We apply k-means clustering to the aforementioned features and the salary variable in order to find groups of job posts containing similar profiles. The use of these features is associated to their potential impact on salary. As a result, there are 9 clusters separating the offers by salary ranges. Table 3 reports the value of the centroids of each cluster sorted by the average salary. Experience is reported as average years, while Project Leader, Permanent Contract and IT architect are expressed as the number of posts in each group.

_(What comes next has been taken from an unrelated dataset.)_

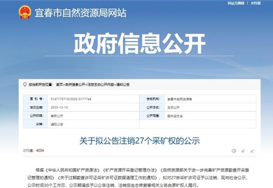 江特电机旗下江西省宜丰县狮子岭矿区含锂瓷石矿,是本次公示拟注销的27个采矿权之一。近日,江西省宜春市自然资源...[详细]

# Size Salary (€) Experience (Y) Project Leader (%) Permanent Contract (%) IT architect (%)
1 352 13,749.71 1.25 0.28 35.79 0.56
2 654 19,684.25 1.65 0.76 55.50 0.91
3 605 23,215.70 2.01 2.97 60.49 0.49
4 648 26,336.41 2.47 2.31 64.04 0.77
5 768 29,755.85 2.82 4.16 69.27 2.34
6 431 34,068.44 3.03 7.65 75.63 10.44
7 348 39,693.96 3.64 16.95 84.48 17.24
8 128 48,257.81 3.72 43.75 89.06 10.93
9 24 63,458.33 4.83 37.50 91.66 33.33
Table 3.

Cluster centroids.

The resulting groups display linear increments in terms of most features, thus suggesting, as expected, that salary and job conditions mainly improve with experience. Furthermore, the amount of permanent positions increases significantly from early career jobs (low wage, less than two years of experience in average requirement) to established professionals (more than 3 years of experience, higher salaries), suggesting that movement is promoted by companies at early career stages, since experience appears to shape both salary and permanent contract probabilities.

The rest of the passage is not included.